* EXERCISE OBJECTIVE:
Without including any pictures, write out the listing below exactly.

# # # #

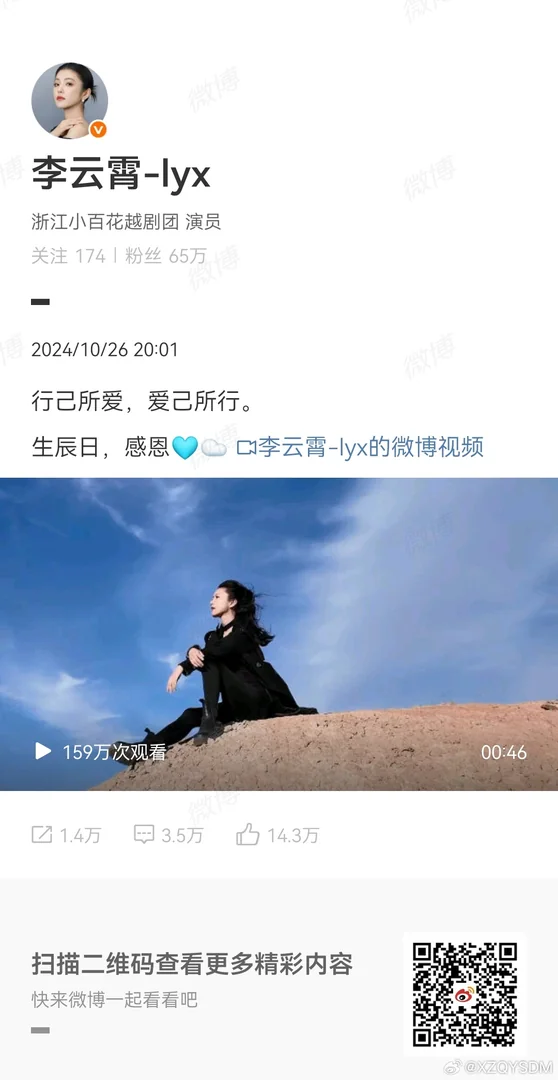 2024.10.26微博的“行己所爱,爱己所行”,第一次经历线上看一群人轰轰烈烈的给一个人准备生日,好多名词我都是第一次听说,一边为你开心一边百度学习,好像没有人期待你会发条状态(其实内心都是期待的吧,但是你开心才是最期待的事情),她们把期待给了生日博,在隐约推断出生日博也没有后,也有人等到两三点吧。当时的遗憾应该是有份生日礼物没能亲手送给你,但是没关系,我们还有很多其他的礼物。26号晚上你给了我们一份从天而降的礼物,这个视频我看了好多好多好多遍,张开双臂迎风奔跑的你,最后定格的水袖,让我开心又安心 [期待] [期待] [期待]
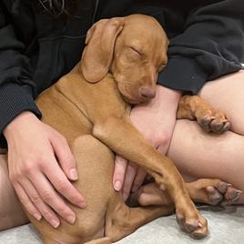All went smoothly. The love they have for their dogs is evident and they do the little things in training their puppies before they are sent home with you. This is making housebreaking and crate training MUCH easier. We brought Hali home 6 days ago and she is a beauty. Vizslas are energetic and she needs her play time and stimulation. But she also needs her rest and likes nothing more than to snuggle up next to her new human family:). What a perfect peanut we have.
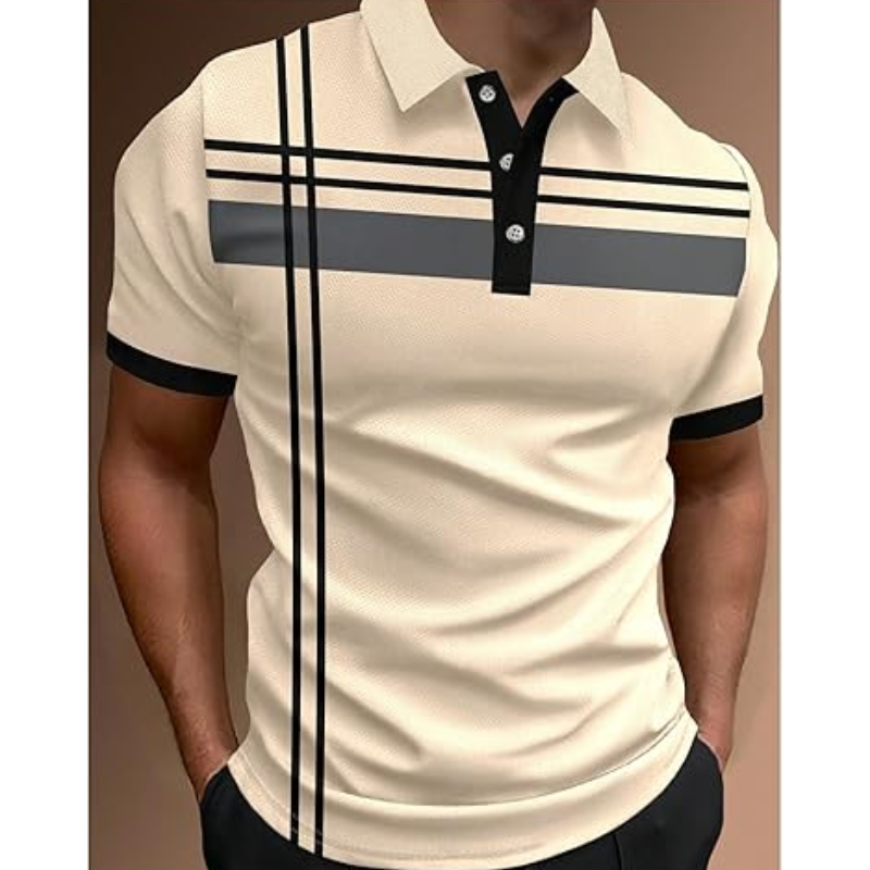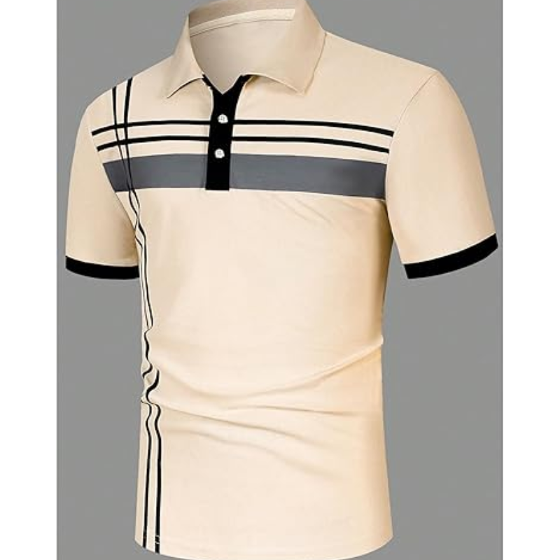 เสื้อกอล์ฟลำลองผู้ชาย แขนสั้น ติดกระดุม ลายทาง คอปก เสื้อยืดทำงานฤดูร้อน
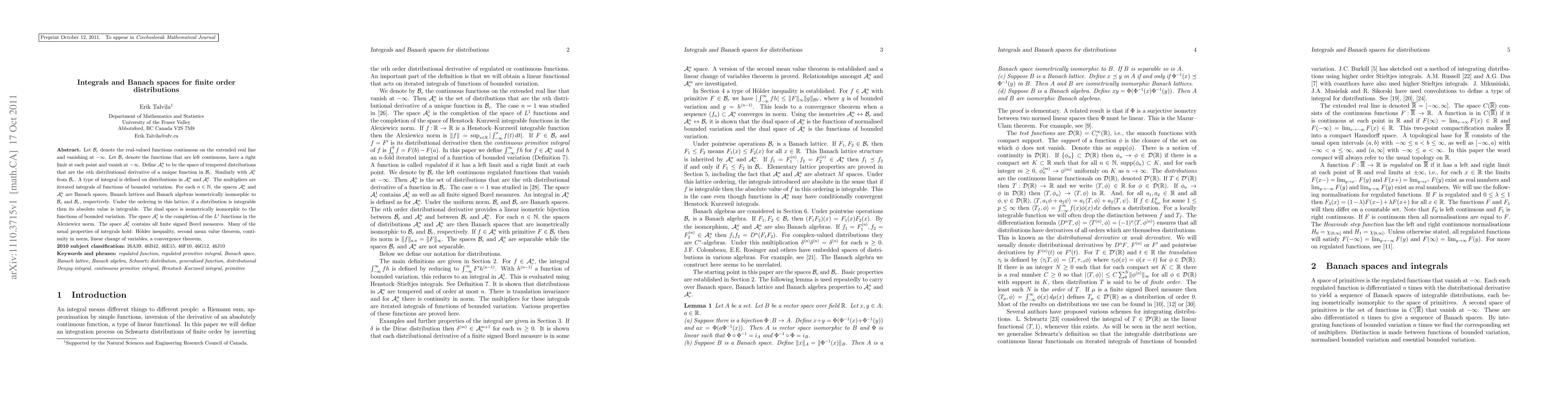 Let $\Bc$ denote the real-valued functions continuous on the extended real line and vanishing at $-\infty$. Let $\Br$ denote the functions that are left continuous, have a right limit at each point and vanish at $-\infty$. Define $\acn$ to be the space of tempered distributions that are the $n$th distributional derivative of a unique function in $\Bc$. Similarly with $\arn$ from $\Br$. A type of integral is defined on distributions in $\acn$ and $\arn$. The multipliers are iterated integrals of functions of bounded variation. For each $n\in\N$, the spaces $\acn$ and $\arn$ are Banach spaces, Banach lattices and Banach algebras isometrically isomorphic to $\Bc$ and $\Br$, respectively. Under the ordering in this lattice, if a distribution is integrable then its absolute value is integrable. The dual space is isometrically isomorphic to the functions of bounded variation. The space $\ac^1$ is the completion of the $L^1$ functions in the Alexiewicz norm. The space $\ar^1$ contains all finite signed Borel measures. Many of the usual properties of integrals hold: H\"older inequality, second mean value theorem, continuity in norm, linear change of variables, a convergence theorem.
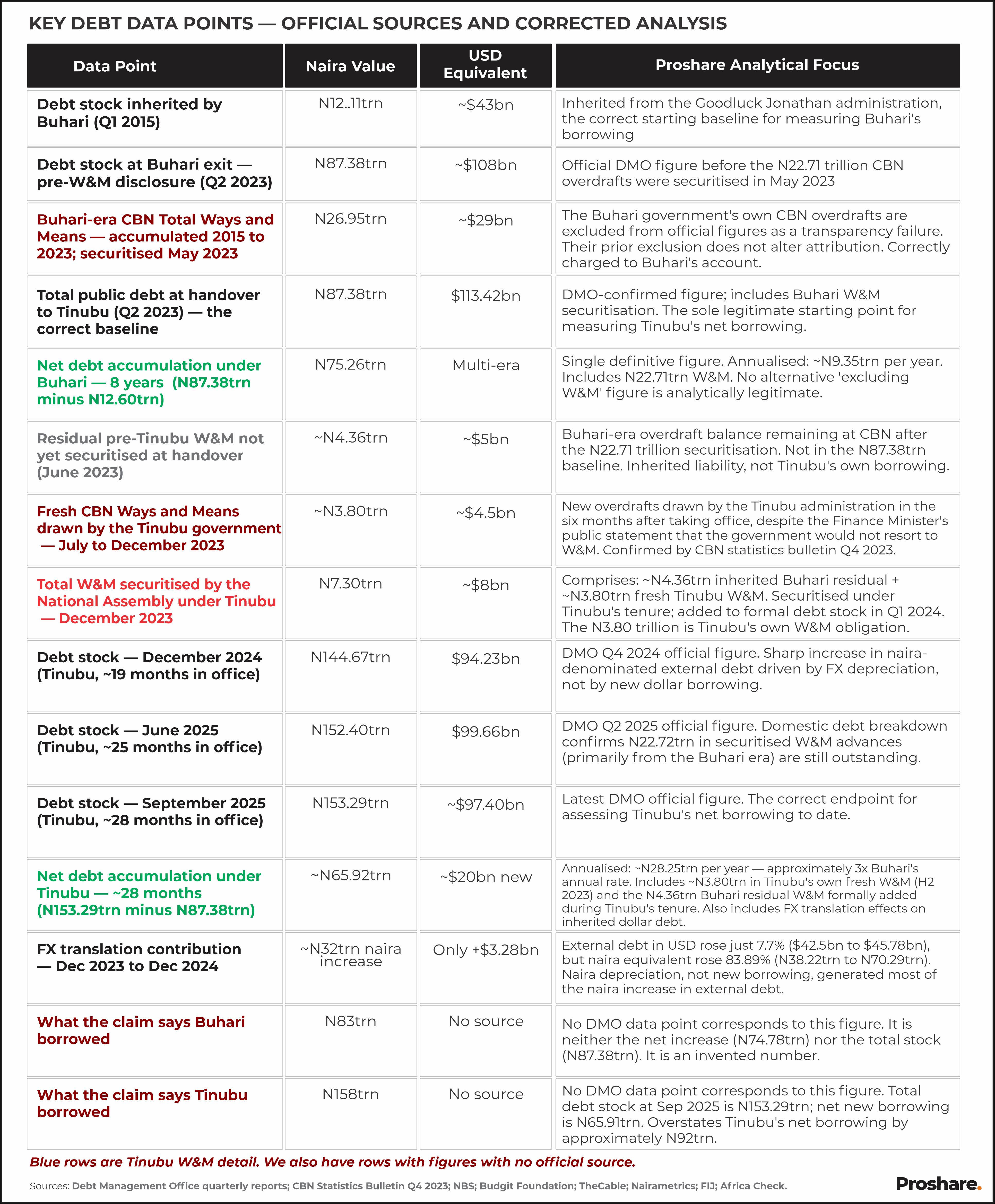 Sources: Debt Management Office quarterly reports; CBN Statistics Bulletin Q4 2023; NBS; Budgit Foundation; TheCable; Nairametrics; FIJ; Africa Check. Blue rows are Tinubu W&M detail. We also have rows with figures with no official source.
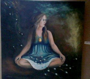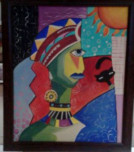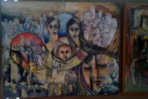 وجاءت لوحة الفنانة الشابة جمانة شجاع بعنوان “أمل” لتستبشر من خلالها خيرا للمستقبل مركزة ضمنها على رموز الطفولة والألوان السابحة على سطح اللوحة بلمسات ريشة عريضة بأسلوب تعبيري.
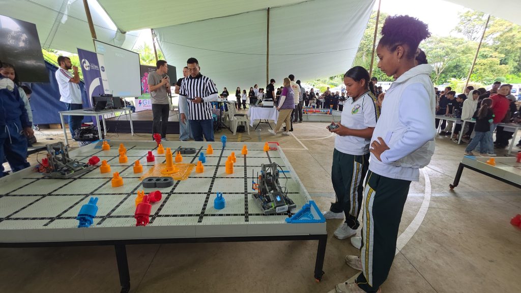El equipo “Las Chicas del Chip” conformado por las estudiantes Daniany Alves, María Fernanda Sotelo, Nicole Perea, María Victoria Gutiérrez, Paula Ruiz, Mariángel Perea y Jhennifer Brochero, pusieron a prueba sus habilidades y estrategias para la construcción de su prototipo y para obtener una alta puntuación en el torneo, dejando en alto el nombre de la Institución Educativa Santo Domingo.

# # # #

* RESPONSE AREA:
 2024.10.26微博的“行己所爱,爱己所行”,第一次经历线上看一群人轰轰烈烈的给一个人准备生日,好多名词我都是第一次听说,一边为你开心一边百度学习,好像没有人期待你会发条状态(其实内心都是期待的吧,但是你开心才是最期待的事情),她们把期待给了生日博,在隐约推断出生日博也没有后,也有人等到两三点吧。当时的遗憾应该是有份生日礼物没能亲手送给你,但是没关系,我们还有很多其他的礼物。26号晚上你给了我们一份从天而降的礼物,这个视频我看了好多好多好多遍,张开双臂迎风奔跑的你,最后定格的水袖,让我开心又安心 [期待] [期待] [期待]
All went smoothly. The love they have for their dogs is evident and they do the little things in training their puppies before they are sent home with you. This is making housebreaking and crate training MUCH easier. We brought Hali home 6 days ago and she is a beauty. Vizslas are energetic and she needs her play time and stimulation. But she also needs her rest and likes nothing more than to snuggle up next to her new human family:). What a perfect peanut we have.
 เสื้อกอล์ฟลำลองผู้ชาย แขนสั้น ติดกระดุม ลายทาง คอปก เสื้อยืดทำงานฤดูร้อน
 Let $\Bc$ denote the real-valued functions continuous on the extended real line and vanishing at $-\infty$. Let $\Br$ denote the functions that are left continuous, have a right limit at each point and vanish at $-\infty$. Define $\acn$ to be the space of tempered distributions that are the $n$th distributional derivative of a unique function in $\Bc$. Similarly with $\arn$ from $\Br$. A type of integral is defined on distributions in $\acn$ and $\arn$. The multipliers are iterated integrals of functions of bounded variation. For each $n\in\N$, the spaces $\acn$ and $\arn$ are Banach spaces, Banach lattices and Banach algebras isometrically isomorphic to $\Bc$ and $\Br$, respectively. Under the ordering in this lattice, if a distribution is integrable then its absolute value is integrable. The dual space is isometrically isomorphic to the functions of bounded variation. The space $\ac^1$ is the completion of the $L^1$ functions in the Alexiewicz norm. The space $\ar^1$ contains all finite signed Borel measures. Many of the usual properties of integrals hold: H\"older inequality, second mean value theorem, continuity in norm, linear change of variables, a convergence theorem.
 Sources: Debt Management Office quarterly reports; CBN Statistics Bulletin Q4 2023; NBS; Budgit Foundation; TheCable; Nairametrics; FIJ; Africa Check. Blue rows are Tinubu W&M detail. We also have rows with figures with no official source.
 وجاءت لوحة الفنانة الشابة جمانة شجاع بعنوان “أمل” لتستبشر من خلالها خيرا للمستقبل مركزة ضمنها على رموز الطفولة والألوان السابحة على سطح اللوحة بلمسات ريشة عريضة بأسلوب تعبيري.
El equipo “Las Chicas del Chip” conformado por las estudiantes Daniany Alves, María Fernanda Sotelo, Nicole Perea, María Victoria Gutiérrez, Paula Ruiz, Mariángel Perea y Jhennifer Brochero, pusieron a prueba sus habilidades y estrategias para la construcción de su prototipo y para obtener una alta puntuación en el torneo, dejando en alto el nombre de la Institución Educativa Santo Domingo.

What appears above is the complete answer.